• [Exercise]:
Exact reproduction required: the lines below from the line with "18 Virgo 8 |" to the line with "Classic meets charming", both ends included, and no others.

• [Data provided]:
────────
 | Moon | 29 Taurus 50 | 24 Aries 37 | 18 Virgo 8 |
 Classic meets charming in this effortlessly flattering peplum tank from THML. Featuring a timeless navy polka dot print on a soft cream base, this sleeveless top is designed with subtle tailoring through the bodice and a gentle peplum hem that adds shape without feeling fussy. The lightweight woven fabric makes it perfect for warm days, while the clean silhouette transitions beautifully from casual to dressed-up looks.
────────
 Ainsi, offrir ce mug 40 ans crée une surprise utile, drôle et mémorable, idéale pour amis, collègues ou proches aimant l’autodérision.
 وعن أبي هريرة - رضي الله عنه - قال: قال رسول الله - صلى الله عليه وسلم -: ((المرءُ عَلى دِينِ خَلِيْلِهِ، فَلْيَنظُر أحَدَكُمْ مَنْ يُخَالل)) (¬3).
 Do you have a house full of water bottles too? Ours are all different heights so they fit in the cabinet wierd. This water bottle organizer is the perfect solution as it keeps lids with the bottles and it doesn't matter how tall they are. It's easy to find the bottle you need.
────────
• [Result of this exercise]:
 | Moon | 29 Taurus 50 | 24 Aries 37 | 18 Virgo 8 |
 Classic meets charming in this effortlessly flattering peplum tank from THML. Featuring a timeless navy polka dot print on a soft cream base, this sleeveless top is designed with subtle tailoring through the bodice and a gentle peplum hem that adds shape without feeling fussy. The lightweight woven fabric makes it perfect for warm days, while the clean silhouette transitions beautifully from casual to dressed-up looks.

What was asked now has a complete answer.